Secondary neurologic complications of HIV infection result from opportunistic infections and neoplasia and typically occur in immunocompromised patients. Common causes of CNS lesions include toxoplasmosis, progressive multifocal leukoencephalopathy (PML), and primary CNS lymphoma (PCNSL). Infection with CMV can result in retinitis, meningoencephalitis, myelitis, or radiculopathy. VZV infection can produce shingles, disseminated zoster, meningoencephalitis, CNS vasculitis, or myelitis.

Direct neurologic complications of HIV infection may stabilize or improve with optimization of antiretroviral therapy. The incidence of opportunistic infections appears to be lower in pts in whom antiretroviral therapy results in improvement of immunologic function. Specific therapy is available for toxoplasmosis, CMV, and VZV. No therapy is currently available for PML. Radiation plus chemotherapy may produce modest increases in survival of PCNSL.

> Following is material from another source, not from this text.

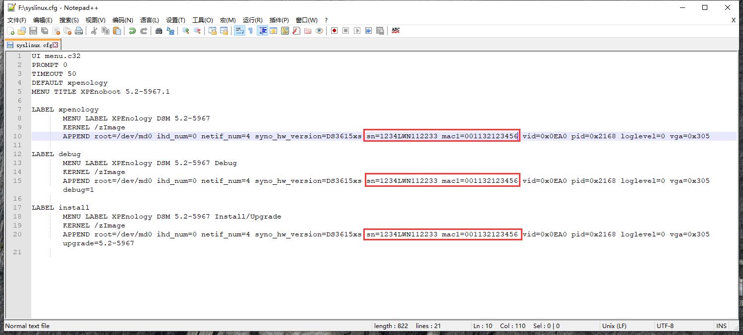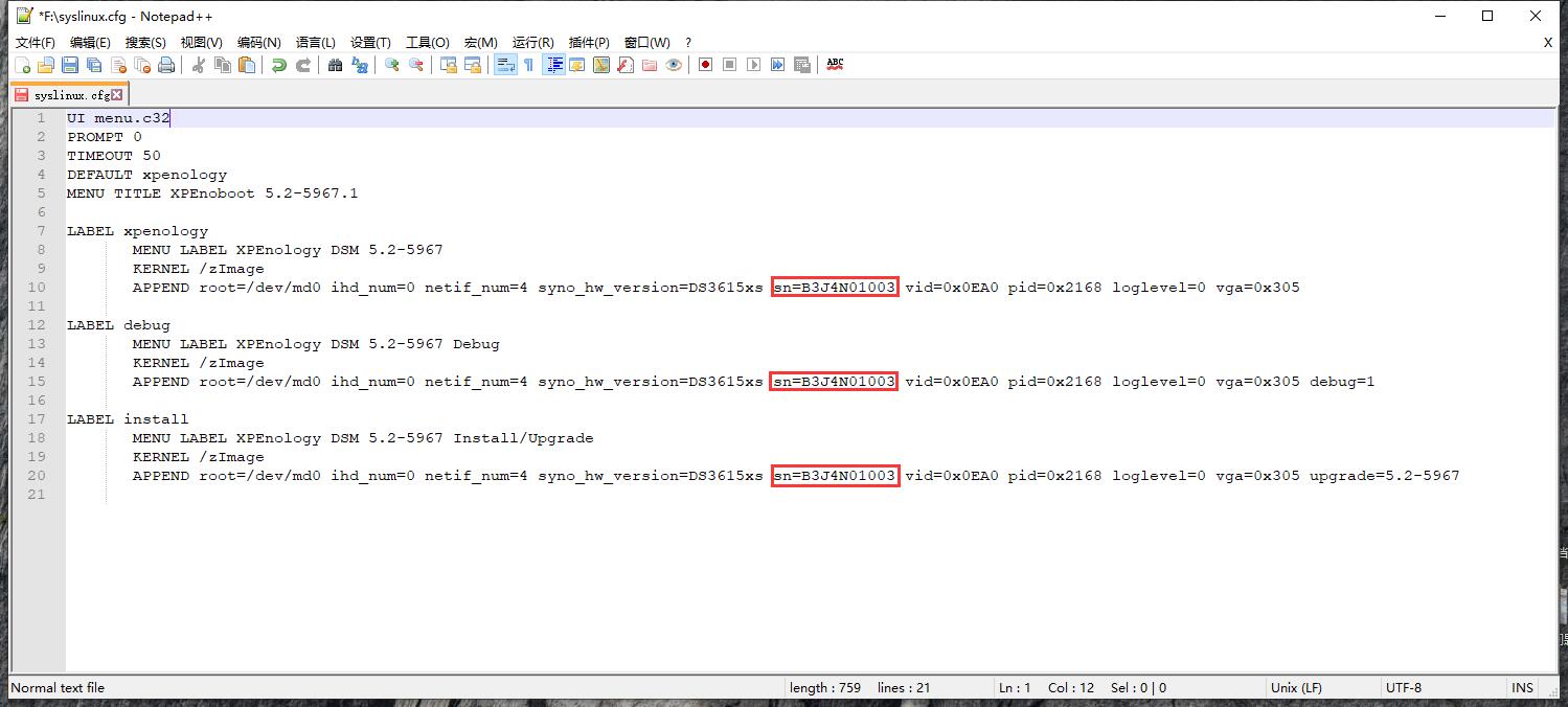 (2)用Notepad++编辑器打开syslinux.cfg(不要用记事本打开编辑,否则格式会错乱),在第10行、15行和20行,找到“sn=”;

A progressive multifocal demyelinating disease of the CNS resulting from infection of oligodendrocytes by JC virus. Clinical manifestations reflect the location, extent, and number of lesions and can include mental status impairment, visual field abnormalities, and focal weakness. Almost all pts have an underlying immunosuppressive disorder, most commonly HIV infection.
DIAGNOSIS   MRI typically shows multifocal white matter lesions that do not enhance with contrast and are without mass effect. The CSF cell counts and chemistries are typically normal. Amplification of JC virus DNA from CSF using PCR techniques, in association with the typical clinical and neuroimaging findings, is diagnostic. A negative CSF PCR decreases the likelihood but does not exclude the diagnosis of PML. Definitive diagnosis may require brain biopsy.

No effective therapy for PML is currently available. Improvement of immune status (e.g., by optimization of antiretroviral therapy in HIV-infected individuals) has been reported to result in stabilization or remission of disease.

Prion diseases of the CNS may present as sporadic, rapidly progressive dementia associated with myoclonus (Creutzfeldt-Jakob disease, CJD), or less commonly as familial forms of rapidly progressive dementia (familial CJD); cerebellar degeneration (Gerstmann-Straussler-Scheinker disease, GSS); or complex syndromes of insomnia, hallucinations, motor abnormalities, and autonomic and endocrine disturbances (fatal familial insomnia, FFI). Iatrogenic prion diseases can result from use of contaminated corneal or dura grafts, neurosurgical instruments, or cadaveric-derived pituitary hormones. Approximately 70 cases of an atypical form of CJD (new variant CJD) characterized by early age of onset and prominent initial neuropsychiatric and behavioral abnormalities followed by ataxia and progressive dementia have been reported, initially from England and France. It has been suggested, but not definitively established, that these cases may be the result of human exposure to food or other products derived from cattle infected with bovine spongiform encephalopathy (“mad cow disease”).
DIAGNOSIS   CT and MRI are often normal but may show rapidly progressive atrophy or increased T2 signal in the basal ganglia (MRI). CSF cell counts and chemistries are normal. Both CSF and neuroimaging studies may help exclude other diagnoses. It has been reported that the presence in CSF of a specific protein (14-3-3) is suggestive but not diagnostic of CJD. EEG may show periodic sharp wave complexes in CJD, but these are absent or occur only rarely in GSS, FFI, and new variant CJD. Definitive diagnosis of sporadic forms of prion disease requires brain biopsy; findings include neuronal loss, astrogliosis, spongiform changes, absence of inflammatory response, and the presence, in GSS and new variant CJD, of typical plaques containing protease-resistant prion protein. The detection of protease-resistant prion proteins by immunoblotting or immunocytochemistry establishes the diagnosis. If the pt has a family history suggestive of inherited CJD, sequencing the prion protein gene may facilitate the diagnosis.

CNS prion diseases are all inexorably progressive and invariably fatal. No effective treatment is currently available.


For a more detailed discussion, see Tyler KL: Viral Meningitis and Encephalitis, Chap. 373, p. 2471, in HPIM-15; Prusiner SB, Bosque P: Prion Diseases, Chap. 375, p. 2486 in HPIM-15; and HPIM-15 chapters covering specific organisms or infections.